As many fans will know, Marilyn and Joe DiMaggio remained close long after their brief, stormy marriage came to an abrupt end. However, as David Mikkelson points out in an article for myth-busting website Snopes, even museums get their facts wrong sometimes.

“Several years ago I finally undertook a long-awaited pilgrimage to that mecca of sportsdom, the National Baseball Hall of Fame and Museum founded in Cooperstown, N.Y., by Stephen Carlton Clark. Like so many fans before me, I spent a couple of days scrutinizing every exhibit, photograph, document, and other pieces of memorabilia on display at the museum, and then … wondered what the heck else there was to do in Cooperstown. And again like so many fans before me, I ended up at the second-best-known attraction in town, the nearby Farmers’ Museum.

The proprietor’s spiel was to recount a brief history of Stephen Carlton Clark’s role in the establishment of the Hall of Fame and the Farmers’ Museum, and to note that after founding the former, Clark lived in New York City and didn’t return to Cooperstown for the yearly induction ceremonies — save for one exception.

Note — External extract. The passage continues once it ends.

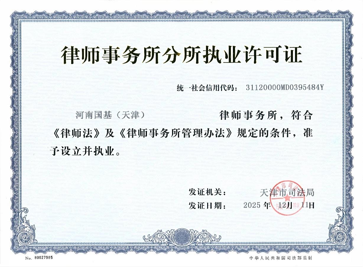 9、12月11日,河南国基(天津)律师事务所经天津市司法局批准成立。标志着国基律所“立足河南,辐射全国”的战略布局再添重要节点,有效实现服务京津冀地区经济社会发展的执业目标。
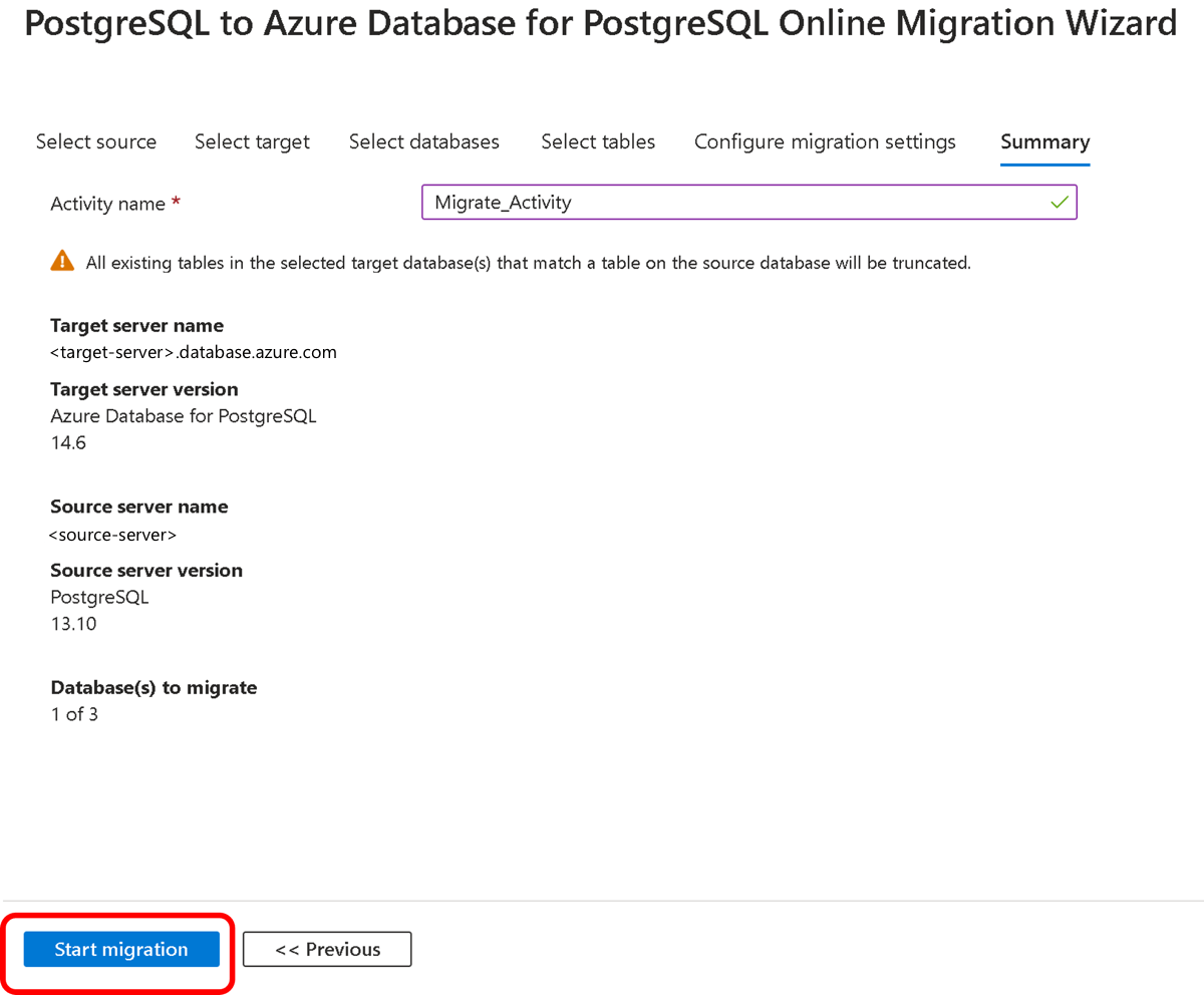 On the Migration summary screen, in the Activity name text box, specify a name for the migration activity, and then review the summary to ensure that the source and target details match what you previously specified.

That exception was the year Joe Dimaggio was inducted to the Hall, an occasion for which, the proprietor declared, Clark returned to Cooperstown ‘in order to meet Dimaggio’s wife, Marilyn Monroe.’

I immediately recognized a chronological problem with that account: Joe Dimaggio was inducted into the Hall of Fame on 22 July 1955, but he and Marilyn Monroe had separated, with the former filing for divorce, in October 1954. Although the pair remained on relatively friendly terms afterwards, Monroe wasn’t present at the July 1955 induction that welcomed the Yankee Clipper into baseball’s hallowed halls.

On that day Joltin’ Joe was accompanied not by a glamorous starlet, but by a Yankees official … Photographs and newsreel footage of the event also reveal no evidence of the Blonde Bombshell’s presence in Cooperstown that day … For the record, no contemporaneous accounts of the ceremonies mentioned the presence of Clark in Cooperstown that day, either.”